En esos instantes sientes un respingo y te revuelves intentando liberarte. Son
unas manos de mujer. Ahora ya no te cabe ninguna duda. Ella se aprieta contar
ti, acerca su boca a tu oído y susurra en él: "Mi amo me ha ordenado que te
coloque un consolador en tu culo y que te diga que deberás llevarlo hasta que él
te ordene quitártelo. También me ha dicho que prepare tus pezones para que
puedan ser anillados en el futuro. Y eso hago como la esclava obediente que soy"
Sus manos retoman tus pezones y los aprietan. Sudas. No sabes que hacer. Ya no
sabes si deseas que sigan martirizando tus pezones o que los liberen. Estás
perdida. Aquella mujer allí te ha descolocado definitivamente.
¿Quién es el amo de esa mujer? ¿Por qué la ha hecho llegar hasta ti?
La cabeza se te llena de preguntas sin respuesta mientras sigues allí
inmovilizada con tus pezones aprisionados en unos dedos ágiles que no cesan de
rozar, estirar, apretar o pinzar tus pezones... Se arrima a ti por detrás y
sientes sus tetas aplastarse contra tu espalda mientras sus manos suben por tus
brazos hasta las esposas que te sujetan al tubo de la cisterna.

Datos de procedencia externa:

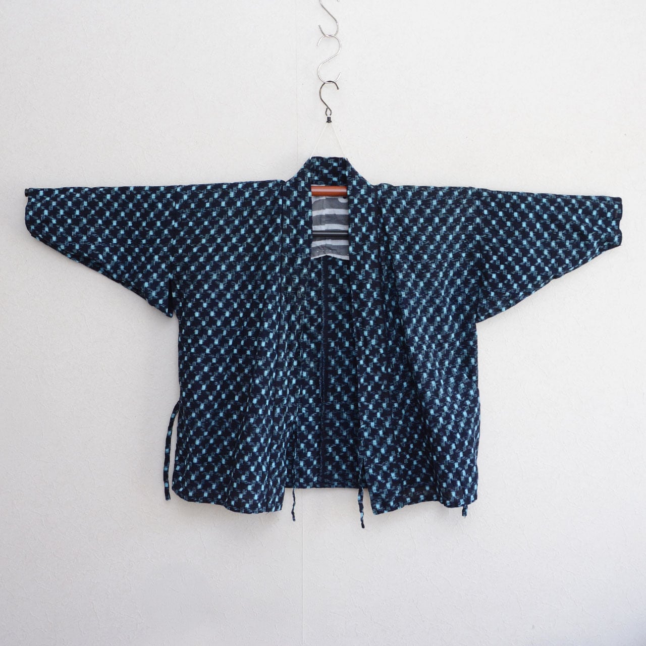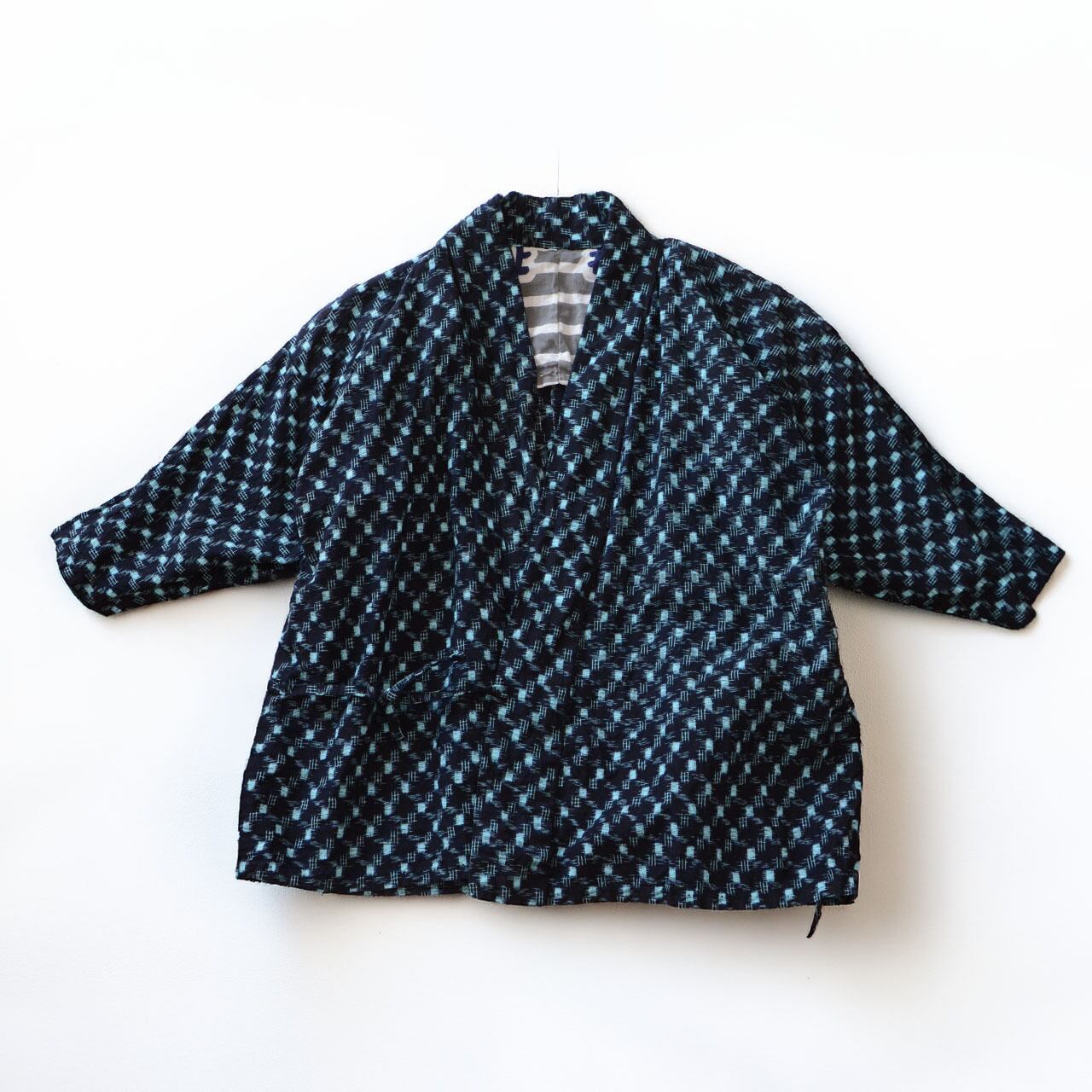 野良着 昭和中期 藍染 絣 木綿 手縫い 手ぬぐい裏地 ジャパンヴィンテージ 羽織り リメイク素材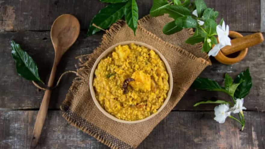 The dish begins with lightly roasted yellow moong dal cooked alongside short-grain rice in a 2:1 ratio. Fresh ginger, turmeric, and salt lend mild heat. The tempering of ghee, black pepper, cumin, and crushed garlic is poured over the cooked mixture to add depth. Served with a spoon of pickle or plain curd, it creates a complete meal that feels wholesome without excess oil or spice.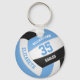 This sporty volleyball themed keychain features a realistic looking light blue, black and white volleyball upon which you can customize the player's name & jersey number plus school or club name and mascot name in a varsity letter style font - by katz_d_zynes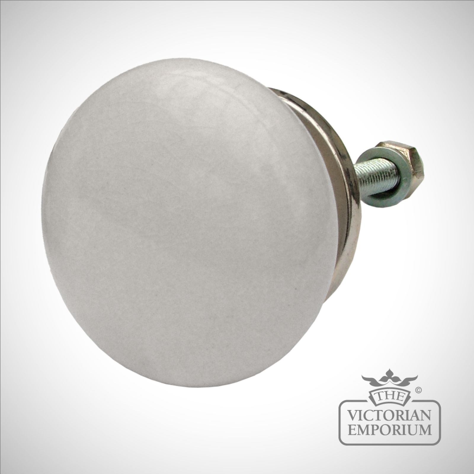 A small porcelain cabinet knob in a spherical shape, a great choice for a period style kitchen. A classic choice for antique furniture or kitchen cabinetry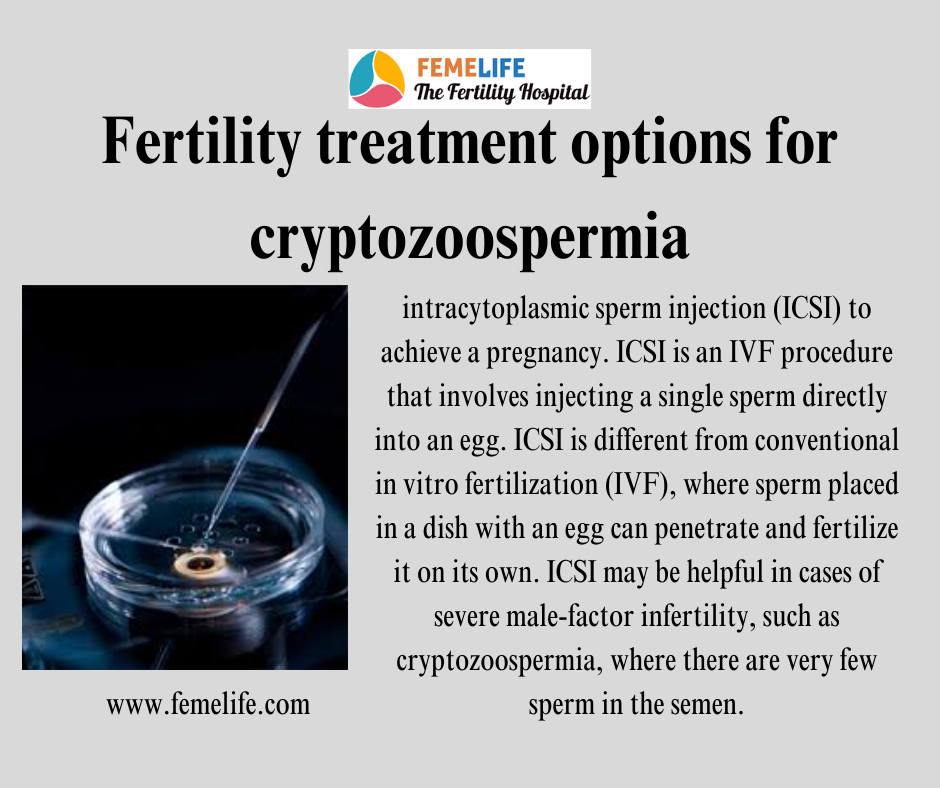 Contrary to traditional in vitro fertilisation (IVF), which involves placing an egg in a dish with sperm, ICSI allows the egg to fertilize itself. In severe cases of male-factor infertility, including cryptozoospermia, where there are very few sperm in the semen, ICSI may be beneficial.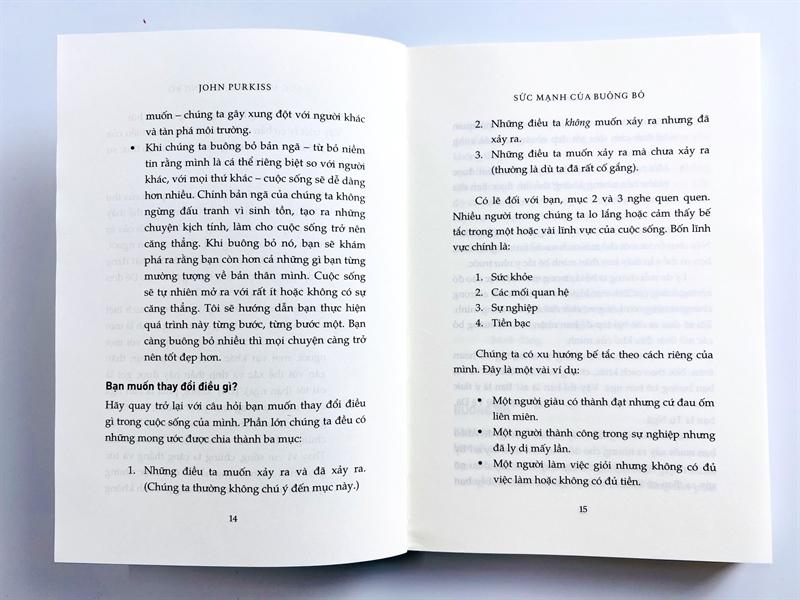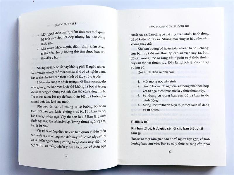 Tác giả: John Purkiss Dịch giả: Nguyễn Bích Lan Nhà xuất bản: Dân Trí Số trang: 270 Kích thước: 14 x 20.5cm Ngày phát hành: 2023 Trên hành trình phát triển bản thân, hẳn sẽ có lúc ai cũng phải đứng trước một lựa chọn: níu giữ hay buông bỏ? Níu giữ hiển nhiên khó khăn, nhưng buông bỏ… liệu có dễ dàng? Buông, tiếng ấy nghe thật nhẹ, nhưng đằng sau đó là vô vàn tầng lớp, là biết bao trở ngại đã chồng chất lên trong suốt cuộc đời: những kỳ vọng, những sợ hãi, những thiếu niềm tin, những suy nghĩ cố hữu, những tổn thương xưa cũ,… Bất chấp tất thảy những điều ấy, việc từ bỏ và nương theo dòng chảy, thuận theo trực giác, tận hưởng bất kỳ điều gì sắp xảy đến, vẫn thật mời gọi, như nhen lên tia hy vọng về một cuộc đời thay đổi. Cuốn sách này thổi tia hy vọng ấy lên thành ngọn lửa, cho nó một bệ đỡ vững vàng, rồi dẫn dắt từng đường đi nước bước để ta buông những điều đang kìm hãm và để đời cất cánh. Tại sao cần buông bỏ? Buông bỏ bằng cách nào? Hàng nghìn năm tri thức tinh thần và một trăm năm tâm lý học hiện đại đã đúc kết thành một hệ thống những bài thực hành trực diện, đơn giản và hiệu quả trong Sức mạnh của buông bỏ.

Se agarra a tus
muñecas y con su pubis empuja contra tu culo. Sientes el consolador clavarse más
profundamente y aquella mujer retoma el camino de tus tetas. Se demora un buen
rato en tus pezones y luego prosigue su viaje hacia tu coño. Cuando sientes sus
manos en tu pubis haces un gesto instintivo de querer zafarte pero al hundir
ella sus dedos en tu raja la convulsión que te sacude te hace olvidar tus
miedos.
Nunca has estado en brazos de una mujer. Nunca te habías
excitado pensándolo. Pero ahora ya no te preguntas nada. Tan solo intentas
concentrarte en un orgasmo que comienza a subir de tu coño hasta estallar en tu
cerebro. Te derrumbas colgada de las esposas cuando de pronto ella se detiene,
sus dedos abotonan tu camisa, suelta el imperdible que sujeta tu falda y esta
cae cubriendo tu culo. Sientes el ruido de una llave abriendo las esposas y casi
sin darte tiempo a saber que es lo que sucede la chica desaparece del baño. Te
giras apresurada, echas de nuevo el pestillo y te sientas sobre la tapa del
water.
Confundida, fatigada y sudando en estos momentos la duda se
adueña de ti. Cuando regresas a la cafetería ya no queda allí nadie de la
oficina. Apuras el paso y sales a la calle con dirección a tu trabajo. Es
entonces cuando sientes moverse en tu culo el consolador firmemente atado a ti
por la mujer de los baños. Miras a tú alrededor pero nadie delata su presencia.
Subes a la oficina. Es hora de seguir trabajando.